4.   The Company shall forthwith give notice in writing to the Noteholder of the
     happening of any of the events of default specified in Condition 2 hereof.

5.   The Company shall recognise and treat the Noteholder as the sole absolute
     owner hereof and as alone entitled to receive and give effectual discharges
     of the principal sum due hereunder or effect the Conversion Rights. The
     Company shall not be bound to recognise notice of any trust or equity or to
     recognise any right title or claim by any person other than the Noteholder
     to this Loan Note.

6.   Any moneys payable on or in respect of any Loan Note may be paid by cheque
     or warrant drawn on the Company's bankers for the time being and sent
     through the post to the registered address of the Noteholder. Every such
     cheque or warrant shall be made payable to the order of



<PAGE>

     the holder of the Loan Note and due payment of the cheque or warrant shall
     be satisfaction of the moneys represented thereby.
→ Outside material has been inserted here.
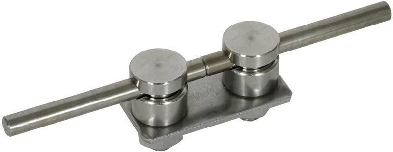 Anschlussplatte für den Anschluss der HVI-Leitung an die Fangspitze (D10 mm) mit zwei KS-Verbindern. Kann auch als KlemmSchrauben-Verbinder nach DIN EN 62561-1, zum blitzstromtragfähigem Anschluss von Rundleitern eingesetzt werden. Ausführung zweiteilig als Verbinder Abstand 40 mm, mit Schraube und Mutter M10.

7.   Any notice or document (including a certificate for the Loan Note) may be
     served by the Company on any holder either personally or by sending it by
     first class post in a prepaid letter addressed to such holder at his
     registered address. A notice may be served by a Noteholder on the Company
     by sending it to the principal business address of the Company or by first
     class post in a prepaid letter addressed to the Company at the registered
     office of the Company.

8.   This Loan Note and the provisions of these Conditions shall be governed and
     construed in accordance with the laws of the State of Utah.



<PAGE>

                              NOTICE OF CONVERSION

To: Internet Holdings, Inc, C/o The Law Offices of Beckman, Millman & Sanders,
116 John Street, Suite 1313, New York, New York 10038

I/We being the registered holder(s) of this Loan Note hereby give notice of
my/our desire to exercise my/our Conversion Rights in respect of
US$............................of this Loan Note in accordance with the
Conditions attached hereto.

I/We agree to accept fully paid Common Stock of the Company restricted in
accordance with Rule 144 to be issued to me/us pursuant hereto subject to the
Articles and Bylaws of the Company. I/We desire such Common Stock to be
registered in my/our name(s) and hereby authorise the entry of my/our name(s) in
the Register of Members in respect thereof and the despatch of a certificate
therefore by ordinary post at my/our risk to

at




- --------------------------------------------------------------------------------

NOTE: If this space is left blank the Certificate will be sent to the registered
address of the Noteholder whose name is held on the Company's register.